Discourse Objects can be described by instances of the abstract
construct "concept type". An instance is generally defined as
object that contains all of the properties and methods of a
particular class. In accordance with the teachings herein,
discourse object data design may represent the essential conceptual
components of description-descriptive content information as
extremely flexible abstract constructs. For example "Product," can
be viewed as an instance of the abstract construct "Discourse
Object Type."
[0100] In FIG. 7A, DSCRC_OBJ_TYPE: Product table 702 illustrates
such an abstract construct where the links illustrate a
relationship type between the object and the concept. Similarly, as
illustrated in FIG. 7J, the concept type tables Feature 722, and
Differentiator 720 can be viewed as instances of the abstract
construct, "Concept Type." Additionally, Option Table 723 on FIG.
7I can be viewed as an instance of the abstract construct "Concept
Type."
[0101] Likewise, in FIG. 7I concept type table Option 723, concept
table Option Graphic 735 and external reference type table User
Guide 740 on FIG. 7A, and external reference type table, Advantage
URL 738 on FIG. 7E can be viewed as instances of the abstract
concept "External Reference Type."
[0102] Thus, tables can be separated or organized by the meaning
that they can provide to content. For example the DSCRS_OBJ_TYPE:
Product table 700 provides discourse object types, while concept
tables 710-724 define the concept types. External reference type
tables 730-741 may define different types of external references,
while external reference tables 750-754 may define subjects
associated with the external reference tables and object concept
relationship type tables 760 -768 may define discourse
object-concept relationship types.
[0103] This organization and association provides an increased
level of abstraction, because discourse objects from the explicit
data design become instances of a higher level of abstract data
objects. The meta-rules mapping model diagram disclosed in FIGS.
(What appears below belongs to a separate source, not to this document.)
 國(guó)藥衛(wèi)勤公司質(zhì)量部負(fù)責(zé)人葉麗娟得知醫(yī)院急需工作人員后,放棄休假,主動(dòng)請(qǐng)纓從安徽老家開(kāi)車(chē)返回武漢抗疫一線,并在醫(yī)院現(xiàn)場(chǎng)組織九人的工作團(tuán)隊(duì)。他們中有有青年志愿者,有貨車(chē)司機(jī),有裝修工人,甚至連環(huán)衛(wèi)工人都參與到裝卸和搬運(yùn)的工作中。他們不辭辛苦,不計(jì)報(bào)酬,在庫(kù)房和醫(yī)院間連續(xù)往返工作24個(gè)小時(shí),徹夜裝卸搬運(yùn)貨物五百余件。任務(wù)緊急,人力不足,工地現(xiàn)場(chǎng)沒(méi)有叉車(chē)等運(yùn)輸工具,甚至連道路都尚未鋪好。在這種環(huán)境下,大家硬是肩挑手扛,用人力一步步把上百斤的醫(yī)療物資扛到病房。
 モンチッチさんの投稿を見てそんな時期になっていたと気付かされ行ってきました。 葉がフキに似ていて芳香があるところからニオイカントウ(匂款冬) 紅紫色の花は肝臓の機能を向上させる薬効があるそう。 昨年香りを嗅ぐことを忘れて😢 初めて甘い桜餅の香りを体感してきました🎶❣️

7A-7J is similar to the explicit model of FIGS. 6A-6J, but the
tables, relationships and columns are translated into the types of
abstract ideas that correspond to the abstract concept taxonomy
described with reference to FIGS. 6A-6J and other figures
herein.
[0104] One feature of the abstract conceptualization, is that a
clear distinction between rules and instances is maintained in the
data architecture. In this meta-rules mapping model, concept type
tables 710-724 contain instances of types of concepts such as
"Options," "Features," "Success Stories" etc. In the explicit model
of FIGS. 6A-6J, the rows in the "Option" tables are instances of
the concept type "Option."
[0105] FIGS. 8A-8H provide an exemplary embodiment disclosing a
subset of a discourse object logical explicit data model-mapping
configuration. The model discloses how data objects in the explicit
data architecture can be mapped into constructs in a liquid content
abstract data architecture. A construct can generally be thought of
as an abstract or general idea inferred or derived from a specific
instance. Objects or units in the explicit model of FIGS. 7A-7J can
be mapped directly to constructs in the abstract model of FIGS.
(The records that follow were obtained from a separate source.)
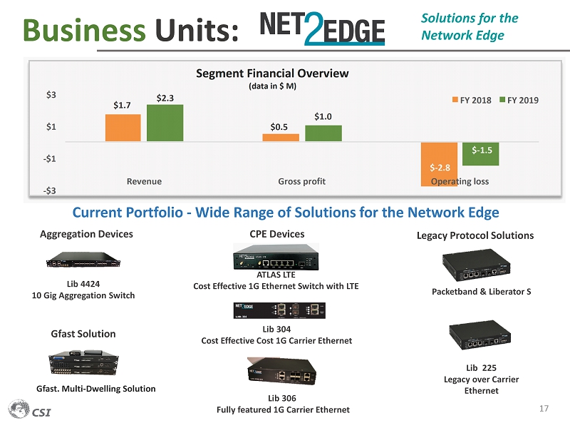 Business Units: 17 Current Portfolio - Wide Range of Solutions for the Network Edge Lib 304 Cost Effective Cost 1G Carrier Ethernet ATLAS LTE Cost Effective 1G Ethernet Switch with LTE Lib 4424 10 Gig Aggregation Switch Lib 225 Legacy over Carrier Ethernet Gfast . Multi - Dwelling Solution Packetband & Liberator S Solutions for the Network Edge Aggregation Devices CPE Devices Legacy Protocol Solutions Lib 306 Fully featured 1G Carrier Ethernet Gfast Solution
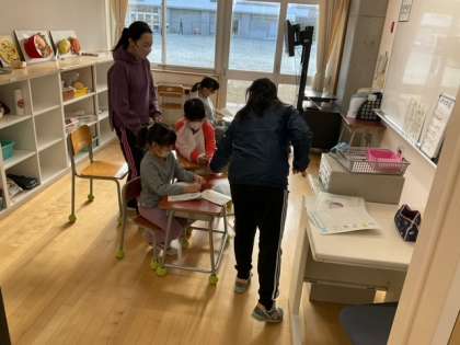 グループごとに、朝の会を進めています。落ち着いて1日がスタートしています。
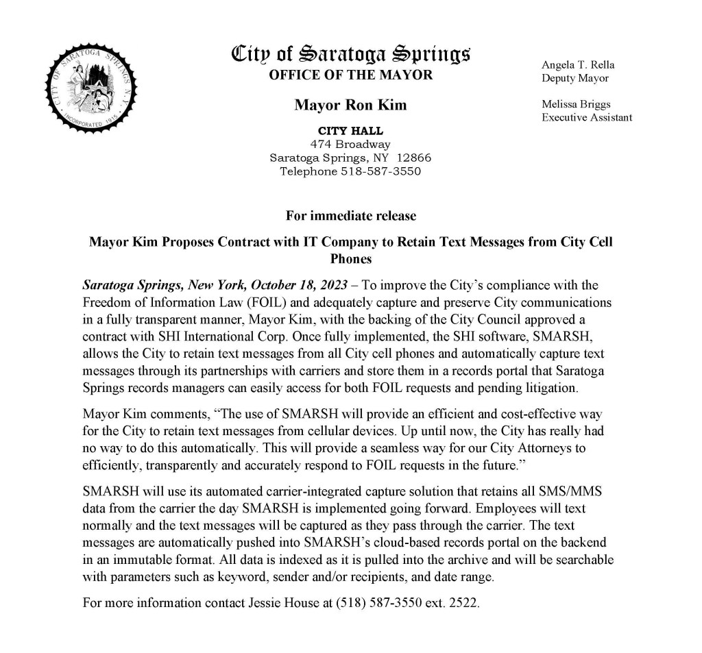 On October 18, 2023, Mayor Ron Kim issued a press release announcing that the city had purchased a software service called SMARSH. In cooperation with Verizon, the city’s cell service provider, the software would capture all texts from city cell phones and index them to make them easy to search.

8A-8H. Referring briefly to FIG. 9, a table 900 illustrates how
data units in the explicit model can be mapped to the abstract
model to create the data model mapping configuration of FIG.
8A-8H.
[0106] The table 900 provides generally, a summary of
transformations (to a higher level of abstraction) that can be made
from the explicit data architecture to the abstract architecture.
For example, model object "Product table" 902 may map to "Discourse
object type row" 904. Thus, the entire "product table" 902 (a.k.a.
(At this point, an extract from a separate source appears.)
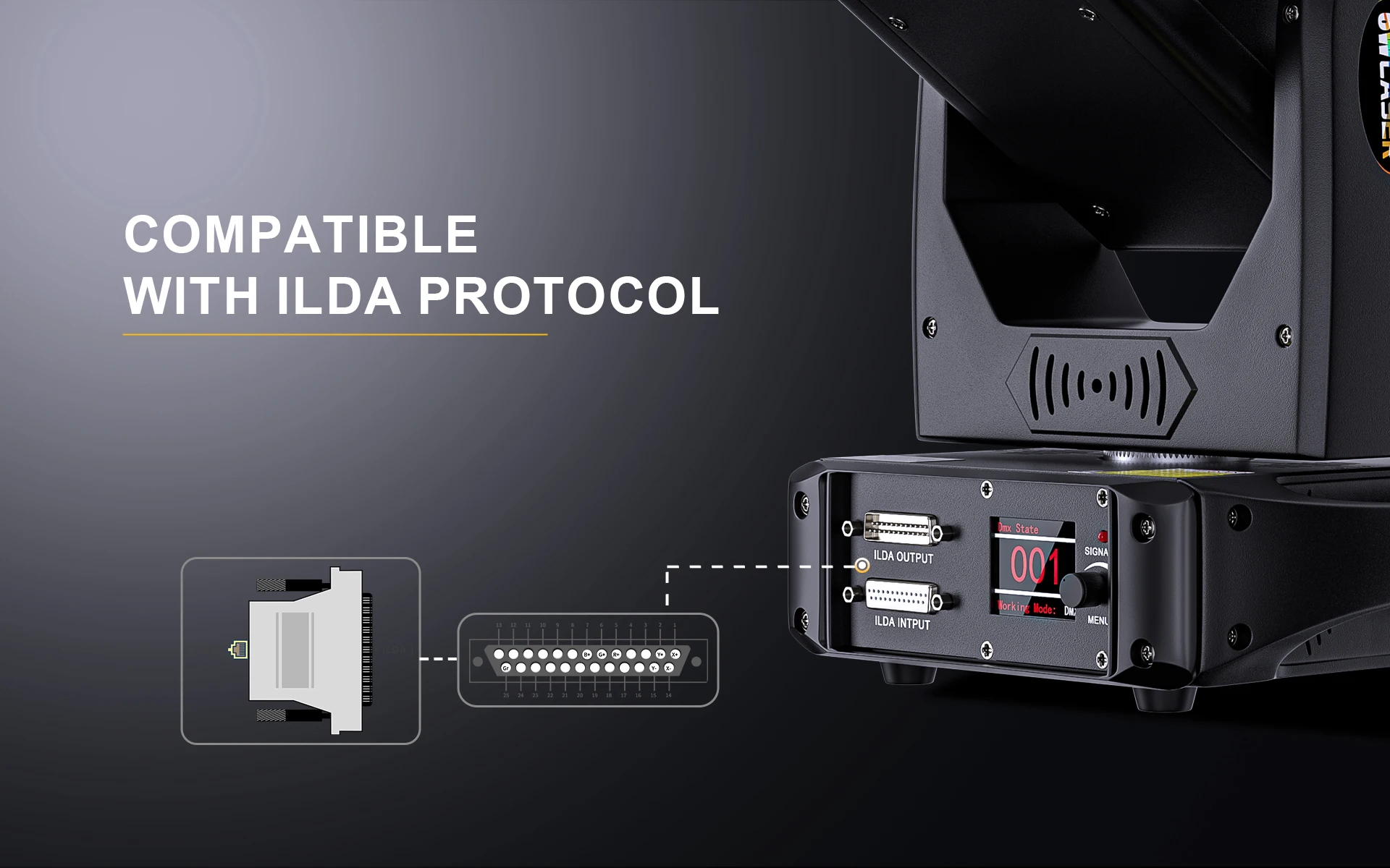 Admite protocolo de señal ILDA para control de entrada de dispositivos, como software de control láser profesional compatible con Beyond QuickShow FB3/FB4.

700 in FIG. 7A) can be represented as an abstract concept in a row
of the discourse object type table 812 of FIG. 8A. Hence, a product
listed in the product table can be moved to a higher level of
abstraction when it is placed in a row in a mapped database.
[0107] In another example, "Product Table row" 906 (which may have
been a row in the product table 700 in FIG. 7A) is associated with
the abstract construct "Discourse Object table row" 908. Constructs
that appear in the actual structure of an explicit data
architecture may be represented in the data population of the
corresponding abstract data architecture. Thus, moving constructs
into a data population provides a higher level of abstraction and a
more efficient use of the database.
[0108] In FIGS. 8A-8 J, examples of data values, that may be
utilized to implement a simplified explicit data architecture
example can generally be divided into three classifications:
concept type, property type, and external reference type.
Alternately described, the database can be viewed conceptually as
having three types of tables; concept; property; and external
reference tables.
[0109] For example, concepts from concept type table 821 in FIG. 8C
could include an entries such as an advantage, an application, an
availability, a comment, a component, a customer answer, a customer
question, a diagram, a differentiator, a feature, a how does it
work, an implementation, a legal note, an opinion, and a success
story. Entries or retrieval of properties from property type table
861 on FIG. 8D may include bridge text, comments text, advantage
text, description text, how text, name text, an occurrence date,
paragraph text, and why text. Likewise entries or retrievals from
external reference type table 832 may include an Advantage URL,
Application Graphic, Application URL, Availability URL, Customer
FAQ URL, Component URL, Diagram Graphic, Diagram URL, How Does It
Work URL, Option Graphic, Option URL, User Guide, and White
Paper.
[0110] From a top down perspective product table 801 in FIG. 8 A is
related to discourse object tables 810-812. Discourse object tables
810-812 have relationships with concept type tables 820 and 821,
external reference type tables 830-836, external reference subject
tables 840-843, object concept relationship type tables 850-853,
property type and concept type tables 860-862. The tables and the
links generally provide a liquid content abstract data object
design that represent types of data objects in an explicit data
architecture utilizing corresponding mapping diagrams.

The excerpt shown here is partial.